Diduga Penimbun BBM Ditangkap, Warganet Soroti Keterlibatan Oknum Petugas SPBU

author
Henderi
Dipublikasikan: September 10, 2026 ⏱️ 5 menit baca

Diduga Penimbun BBM Ditangkap, Warganet Soroti Keterlibatan Oknum Petugas SPBU


Belitung, gerubok.com- Pemberitaan mengenai penangkapan seorang pria yang diduga menjadi penimbun bahan bakar minyak (BBM) bersubsidi pada Selasa (9/9/2026) memicu respons luas dari masyarakat. 

Warganet ramai menanggapi kabar tersebut di platform media sosial Facebook dengan mendesak aparat penegak hukum (APH) tidak hanya menindak pengambil BBM berulang (pengerit), tetapi juga mengusut dugaan keterlibatan oknum petugas SPBU.

Pantauan di kolom komentar unggahan media ini menunjukkan banyaknya desakan agar pengawasan di area SPBU ditingkatkan secara menyeluruh. 

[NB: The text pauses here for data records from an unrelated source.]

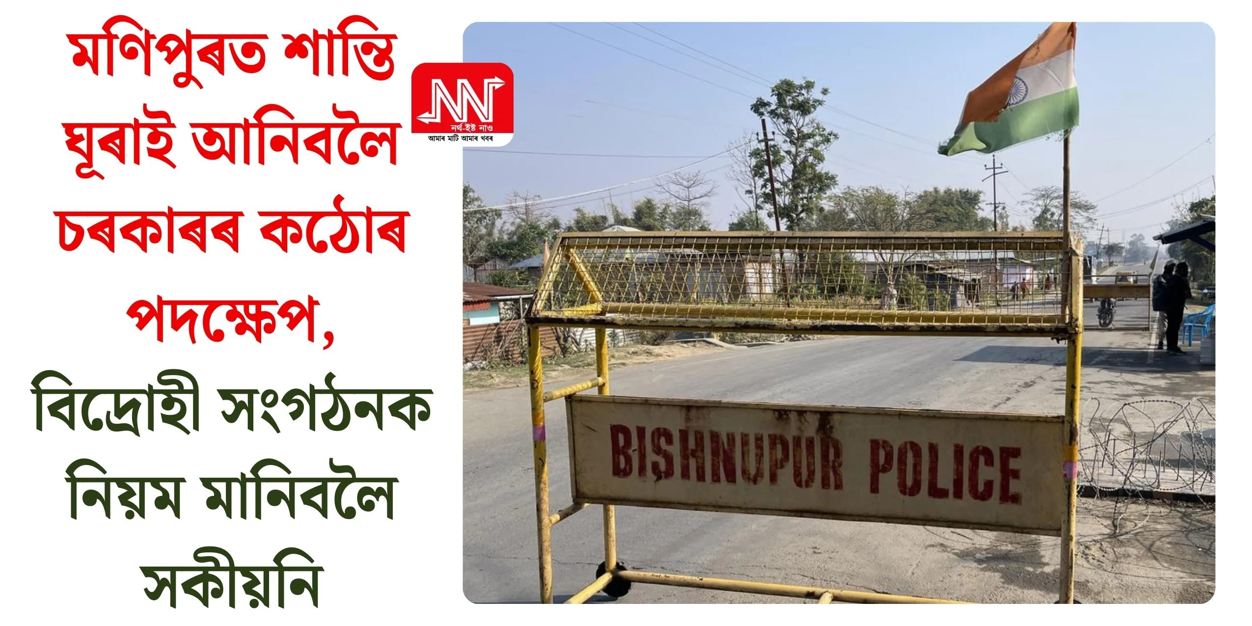 মণিপুৰত শান্তি আৰু স্থিৰতা বজাই ৰখাৰ বাবে কেন্দ্ৰীয় গৃহ পৰিক্ৰমা মন্ত্ৰালয় আৰু ৰাজ্য চৰকাৰে এক গুৰুত্বপূৰ্ণ পদক্ষেপ গ্ৰহণ কৰিছে। শেহতীয়াকৈ অনুষ্ঠিত হোৱা দুদিনীয়া পৰ্যালোচনা বৈঠকৰ অন্তত মেইটেই আৰু কুকি-জো বিদ্ৰোহী গোটসমূহক স্পষ্টকৈ সকীয়াই দিয়া হৈছে যে তেওঁলোকে যদি চৰকাৰৰ ভূমি নিয়ম বা গ্রাউণ্ড ৰুল উলংঘা কৰে, তেন্তে তেওঁলোকৰ বিৰুদ্ধে কঠোৰ আইনী ব্যৱস্থা গ্ৰহণ কৰা হ’ব। […] The post মণিপুৰত শান্তি ঘূৰাই আনিবলৈ চৰকাৰৰ কঠোৰ পদক্ষেপ, বিদ্ৰোহী সংগঠনক নিয়ম মানিবলৈ সকীয়নি appeared first on NORTHEAST NOW (Assamese) .
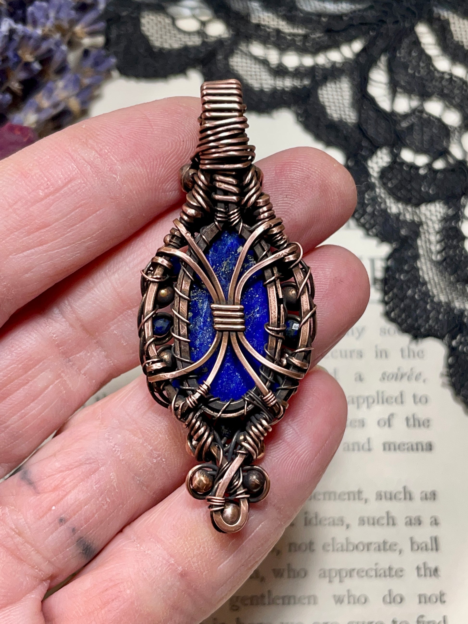 I have hand cut and set this Lapis Lazuli cabochon in hammered and woven bare copper wire. This piece has been set in gallery bezel wire and been embellished with copper and faceted lapis beads. This piece was then antiqued and hand polished it to give it a beautiful antique finish.
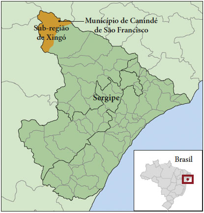O sítio arqueológico Justino está localizado no município de Canindé de São Francisco, numa sub-região conhecida como Xingó, no semiárido do estado de Sergipe (figura 1). A área onde foram realizadas as escavações possui um regime pluviométrico extremamente baixo durante o decorrer do ano (Reis 1976). Já a vegetação é caracterizada por espécies arbustivas, espaçadas, caducifólias, hiperxerófilas plenamente adaptadas ao clima quente e seco (Dominguez e Britcha 1997).
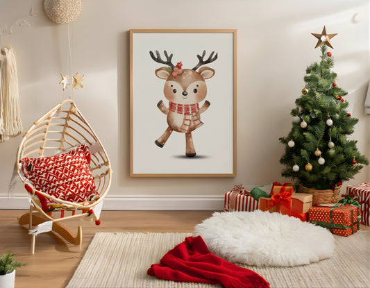 Poster per bambini da stampare con Renna e Agrifoglio (Stampa Digitale)
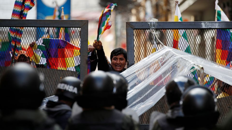 நவம்பர் 12, 2019, செவ்வாய்கிழமை, முன்னாள் ஜனாதிபதி இவொ மோராலெஸ் ஆதரவாளர்கள் பொலிவியாவின் La Paz மாநாட்டு பகுதியில் நுழைவதைப் பொலிஸ் தடுக்கிறது (படம்: அசோசியேடெட் பிரஸ்/ நடாசா பிசாரென்கொ)
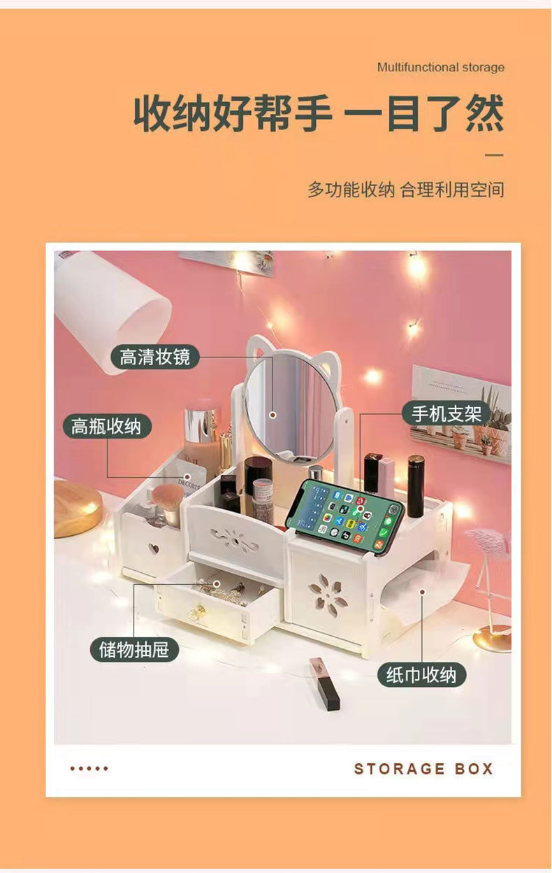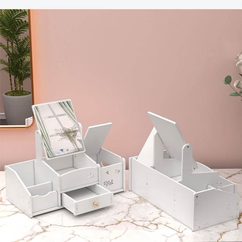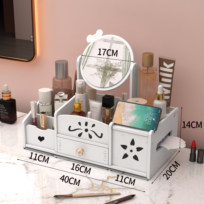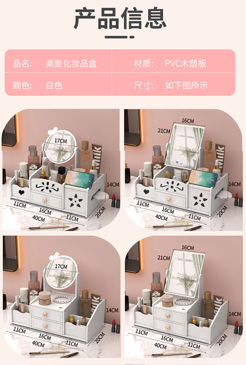 화장품 수납함 고급스러운 대용량 방진 데스크탑 서랍 수납 화장 거울 스킨케어 제품 정리함
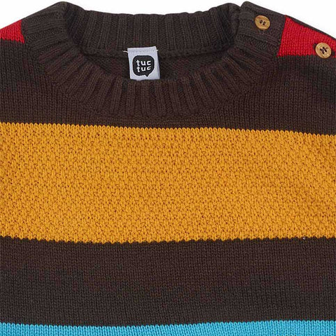 Pullover aus der Tuc Tuc Kinderbekleidungslinie mit mehrfarbigen Streifen und einer Reißverschlusstasche auf der Vorderseite.
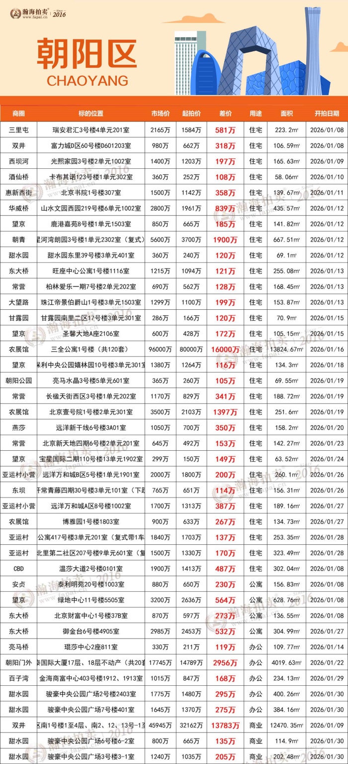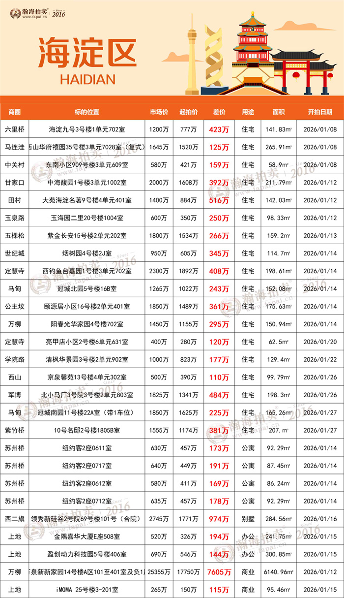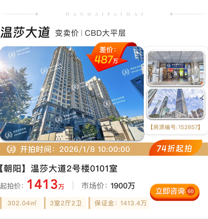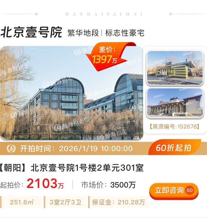 抢占2026置业先机,新年第一份“京拍房礼单”已经准备完毕,远洋新干线、海淀九号、大苑海淀名著140㎡以上大户型总价700-900万上拍,北京壹号院直降1397万上拍!

Akun Pusara Cinta, misalnya, menyampaikan agar penertiban dilakukan secara adil tanpa tebang pilih.

"Jgn gak pengerit di tangkap karyawan spbu juak hrs di ganti yg gik normal mate nye biar tau mane yg ngisik bbm bolak balik idup serakah dak kn berkah," tulisnya dalam kolom komentar.

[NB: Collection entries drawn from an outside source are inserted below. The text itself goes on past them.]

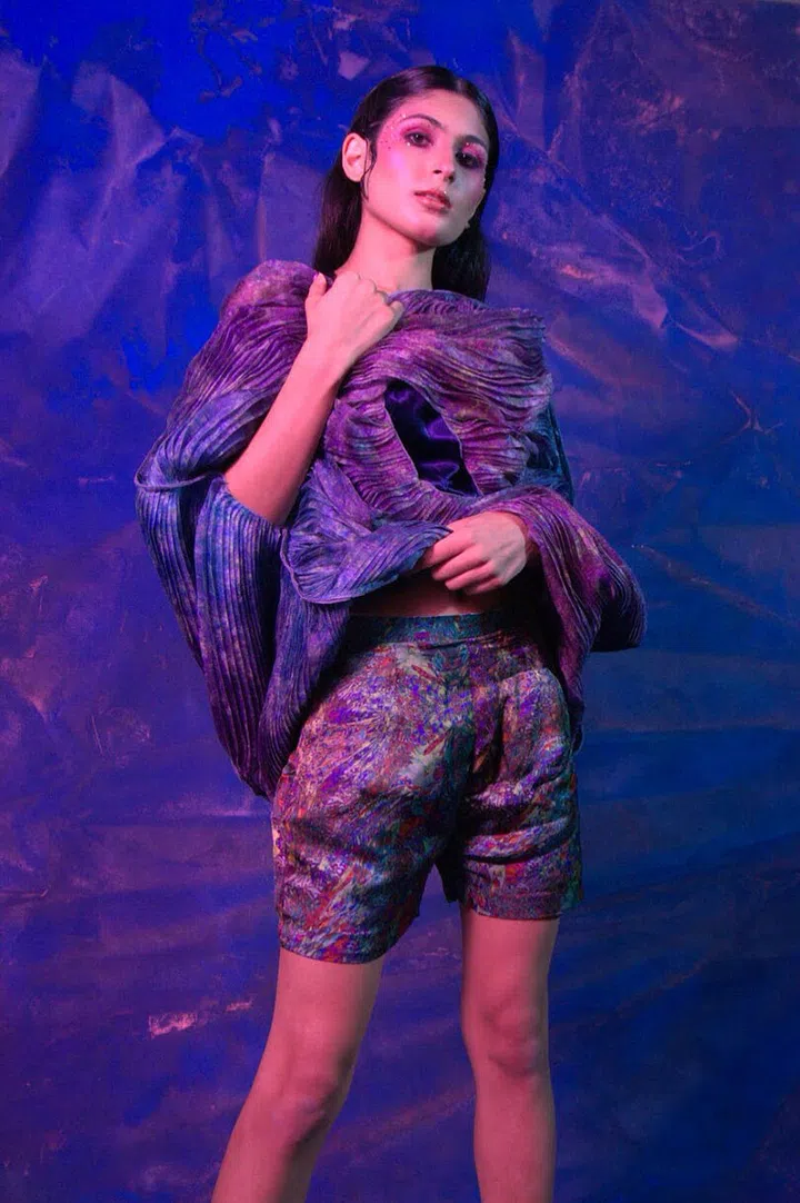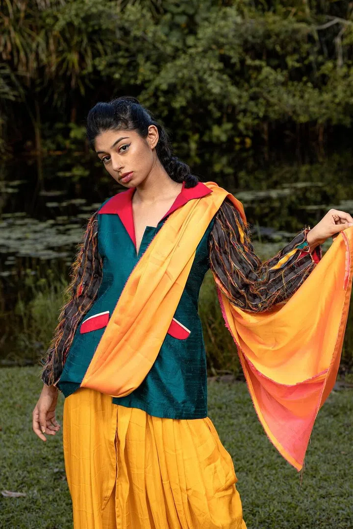 The rich colours and experimental style on Tanvi's designs represent how a sacred tree in India looks normal on the outside but it is in fact vibrant and colourful on the inside. "Kalpa-Pat is a collection inspired by the diversity of Indian culture, particularly the myth of Kalpavriksha," said Tanvi.
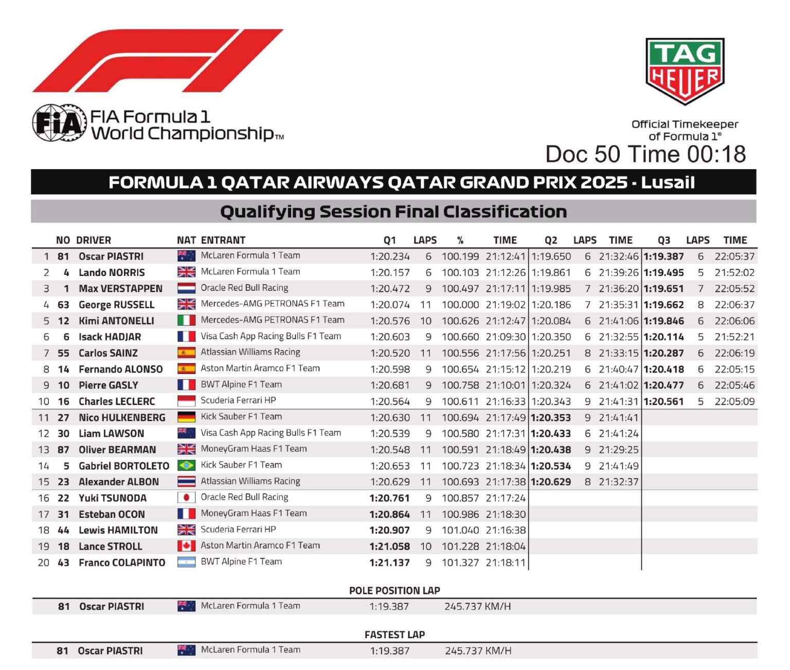 Grilla de partida del GP de Qatar 2025
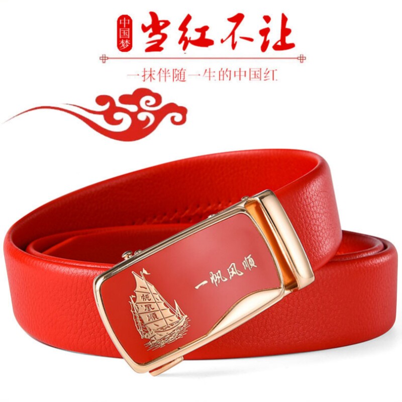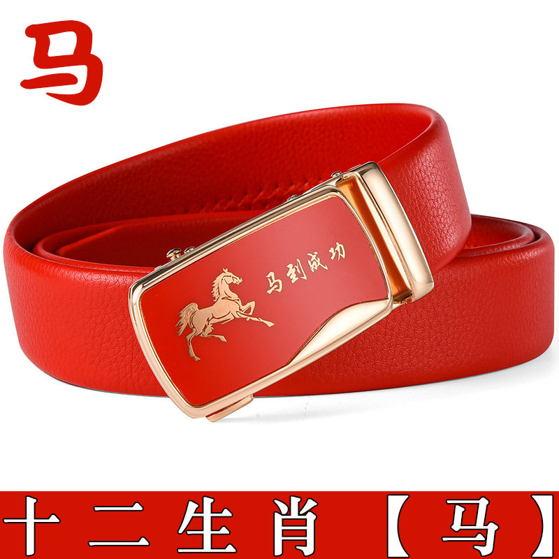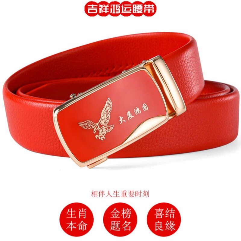 红色本命年腰带春节过年男士真皮皮带激光图案腰带
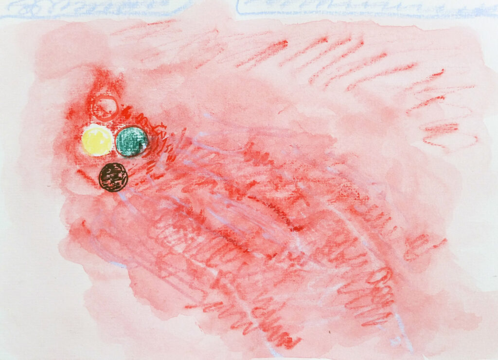 Titel: Ohne Titel Jahr: 2008 Kategorien: Arbeiten auf Papier Technik: Mischtechnik auf Papier Größe: 15 x 21 cm Untertitel: Birgit_Gessner_Eier_I
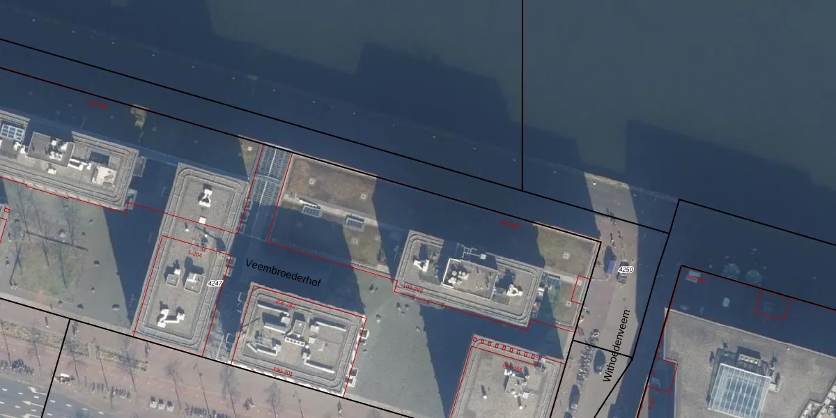 Veemkade 340 is gelegen op kadastraal perceel ASD10N4247. Deze kadastrale aanduiding is uniek en wordt gebruikt door het Kadaster om eigendomsrechten en andere zakelijke rechten vast te leggen. Het perceel maakt onderdeel uit van de kadastrale gemeente Amsterdam.

Pernyataan tersebut senada dengan tanggapan akun Priandiadi yang menilai adanya potensi kerja sama antara oknum petugas di lapangan dengan para pengerit yang mengisi BBM berulang kali.

"it br nmee cengli, klx ptugas spbu ndx main mate dgn pengerit ndx mungkin pengerit berulang masuk," balas akun tersebut.

Selain dugaan keterlibatan oknum, keluhan terkait antrean kendaraan yang mengular hingga mengganggu arus lalu lintas di sekitar SPBU juga banyak disuarakan.

Akun Pak To mengeluhkan kondisi jalan yang kerap padat akibat antrean kendaraan pengerit.

"Dak bulak, jalan JK susa nak lewat, dari Ujong ke Ujong dak Ade Mubel nak lain e Mubel itu2 tiap Ari, ganti petus e, mate die la butak," tulisnya.

Keluhan serupa disampaikan akun Juanda Hudda yang menyoroti dampak antrean panjang terhadap kelangkaan dan tingginya harga BBM eceran di tingkat konsumen.

"La gile la be bulan bulan antrian tetap panjang d setiap SPBU, nak liwat pun paya. harga eceran pun rate rate 13 ribu. Dak ad k solusi e dari pemerintah ne. Bangat amat susah ngurus e," sebutnya.

Kondisi senada turut diungkapkan akun 黃麗霞 dan Lidia Gemoy yang menduga kuat adanya kongkalikong di balik antrean panjang kendaraan yang saban hari memadati jalan di sekitar SPBU.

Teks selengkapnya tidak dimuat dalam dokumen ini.